I’ve been pretty active in the open model space and 2 years ago you would have had to pay 20k to run models that were nowhere near as powerful. It wouldn’t surprise me if in two more years we continue to see more powerful open models on even cheaper hardware.
Have you tried 4.6 as a comparison to Kimi K2.5?
Are you just using the API mode?
This is what I've been increasingly understanding is the wrong way to understand how LLMs are changing things.
I fully agree that LLMs are not suitable for creating production code. But the bigger question you need to ask is 'why do we need production code?' (and to be clear, there are and always will be cases where this is true, just increasingly less of them)

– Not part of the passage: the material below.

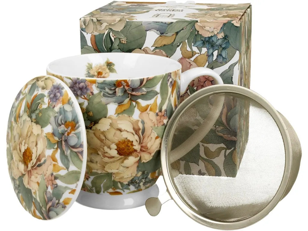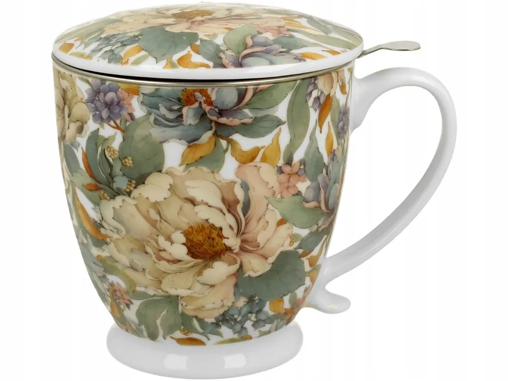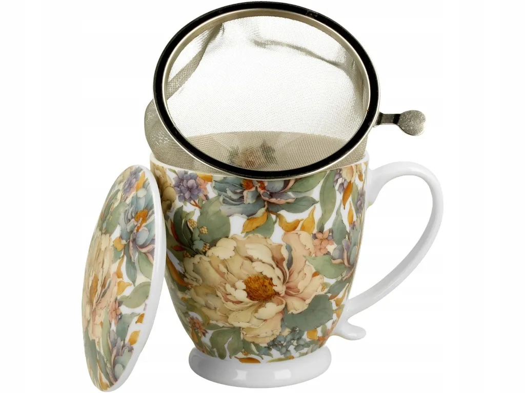Porcelana premium zapewnia nie tylko piękny wygląd, ale również wysoką trwałość. Dzięki temu kubek zachowuje elegancję nawet przy częstym użytkowaniu. Metalowy zaparzacz umożliwia przygotowanie klarownego, aromatycznego naparu, a dopasowana pokrywka pomaga dłużej utrzymać jego temperaturę — idealnie podczas pracy lub relaksu. Delikatny motyw piwonii dodaje całości subtelnego uroku i sprawia, że kubek świetnie wpisuje się zarówno w klasyczne, jak i nowoczesne wnętrza.

The entire paradigm of modern software engineering is fairly new. I mean it wasn't until the invention of the programmable microprocessor that we even had the concept of software and that was less than 100 years ago. Even if you go back to the 80s, a lot of software doesn't need to be distributed or serve a endless variety of users. I've been reading a lot of old Common Lisp books recently and it's fascinating how often you're really programming lisp for you and your experiments. But since the advent of the web and scaling software to many users with diverse needs we've increasingly needed to maintain systems that have all the assumed properties of "production" software.
Scalable, robust, adaptable software is only a requirement because it was previously infeasible for individuals to build non-trivial systems for solving any more than a one or two personal problems. Even software engineers couldn't write their own text editor and still have enough time to also write software.
All of the standard requirements of good software exist for reasons that are increasingly becoming less relevant. You shouldn't rely on agents/LLMs to write production code, but you also should increasingly question "do I need production code?"
Consider design patterns, or clean code, or patterns for software development, or any other system that people use to write their code, and reviewers use to review the code. What are they actually for? This question is going to seem bizarre to most programmers at first, because it is so ingrained in us, that we almost forget why we have those patterns.
The entire point is to ensure the code is maintainable. In order to maintain it, we must easily understand it, and and be sure we're not breaking something when we do. That is what design patterns solve, making easier to understand and more maintainable.
So, I can imagine a future where the definition of "production code" changes.
That's a wild assumption. I personally know engineers who _alone_ wrote things like compilers, emulators, editors, complex games and management systems for factories, robots. That was before internet was widely available and they had to use physical books to learn.
So above and beyond frontier models? Because they certainly aren't "flawless" yet, or we have very different understanding of that word.
During the day I am working on building systems that move lots of data around where context and understanding of the business problem is everything. I largely use LLMs for assistance. This is because I need the system to be robust, scalable, maintainable by other people and adaptable to large range of future needs. LLMs will never be flawless in a meaningful sense in this space (at least in my opinion).
When I'm using Kimi I'm using it for purely vibe coded projects where I don't look at the code (and if I do I consider this a sign I'm not thinking about the problem correctly). Are these programs robust, scalable, generalizable, adaptable to future use case? No, not at all. But they don't need to be, they need to serve a single user for exactly the purpose I have. There are tasks that used to take me hours that now run in the background while I'm at work.
In this latter sense I say "flawless" because 90% of my requests solve the problem on the first pass, and the 10% of the time where there is some error, it is resolved in a single request, and I don't have to ever look at the code. For me that "don't have to look at the code" is a big part of my definition of "flawless".